В жизни Виолы Вольпиной была только одна настоящая любовь, а именно к Кольке Чабытину. Колька Чабытин сидел десять лет за одной с нею партой и был так хорош, что глаза уставали смотреть на его красоту. Он был синеглаз, и высок, и небрежен. Его обожали все девочки в школе. Он был королем, сыном прачки и вора. Отец его умер в тюрьме, мать спивалась. Он начал курить в третьем классе, пить – в пятом, но облик его был таким, что однажды ему предложили сниматься в картине «Сибирь, моя родина».

Виола любила его бескорыстно. Настолько бескорыстно, что ей все время хотелось услужить ему: она кормила Кольку своими завтраками, сама предлагала списывать на контрольных, а если хотелось ему передать какой-нибудь выдре из старшего класса записку, она ее передавала. Чабытин ее не любил. Женщины, которые отдавались ему, всегда были старше, с большим опытом. Обычно он пил с ними, спал, а часто и дрался за них с пацанами. И это была его жизнь: мужская, суровая жизнь, без соплюшек. После десятого класса он сразу куда-то исчез. Потом ей сказали: его посадили. Он вроде участвовал в пьяном дебоше и ранил ножом молодого сержанта; а может быть, грабил кого-то с дружками и там подвернулся сержант. Спасибо судьбе, что сержант этот выжил, и Колька вернулся домой. Через три года Виола увидела его на улице: он шел, очень пьяный, но все же красивый, с глазами такой синевы, что болело от глаз этих сердце случайных прохожих. Она подошла. Обнялись, постояли.

– Ты любишь меня? – спросил Колька Чабытин.

Виола кивнула.

– А замуж не хочешь?

Она приоткрыла свой рот, побледнела.

– А что? Я серьезно. Спасать меня надо. А то пропаду я, как батя. Без шуток.

– Я, Коля, люблю тебя. Замуж так замуж, – сказала ему молодая Виола.

Он поцеловал ее в губы, и Виола навсегда запомнила вкус его горького, пьяного и прокуренного рта. И вкус этот стал для нее драгоценен. Весь день она ждала, что он позвонит или придет. Он не позвонил, не пришел. Потом ей сказали, что Колька погиб: попал под трамвай той же ночью.
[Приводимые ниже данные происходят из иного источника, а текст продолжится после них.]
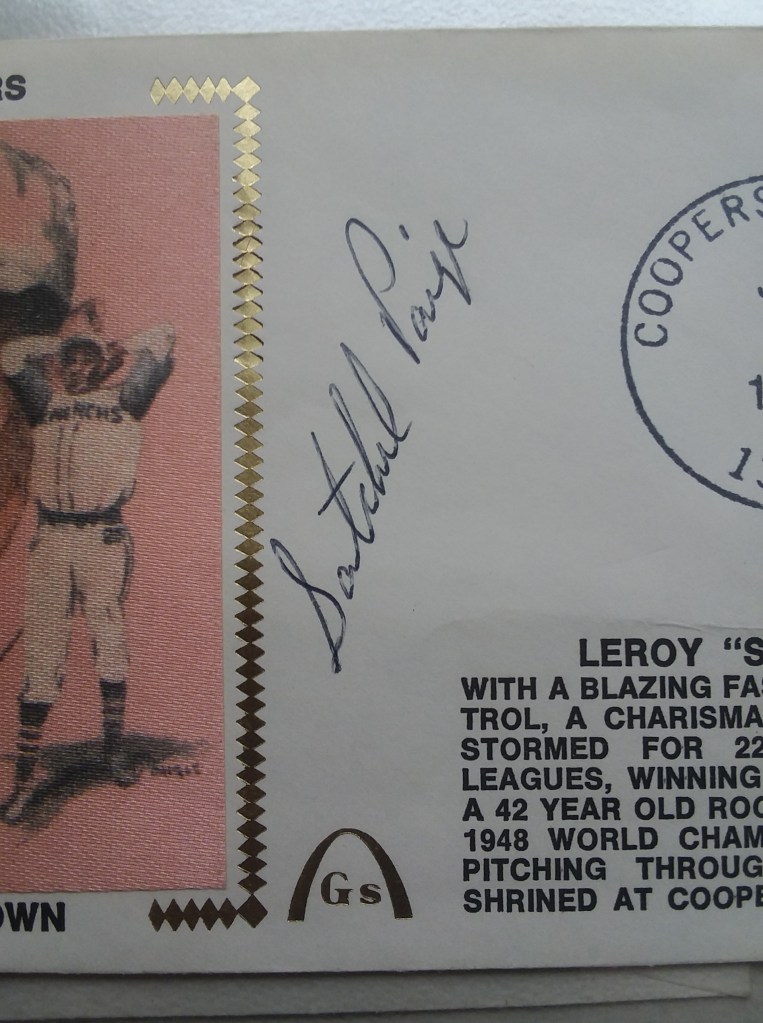 I won a teaching award in 2013 and it came with a small stipend. So I blew $200 of it on an autograph of Satchel Paige I had been coveting. It’s gorgeous. He’s in the puzzle today at 33D.

Вместе с болью, насквозь пропоровшей ее от этого известия, Виола почувствовала странное облегчение: теперь он уже никуда от нее не денется. Она ведь невеста ему, он позвал ее замуж. Жених ее умер, его схоронили, но где-то он есть все равно. Где есть, неизвестно. В земле, над землею, на небе – кто знает? Она ведь любила его бескорыстно.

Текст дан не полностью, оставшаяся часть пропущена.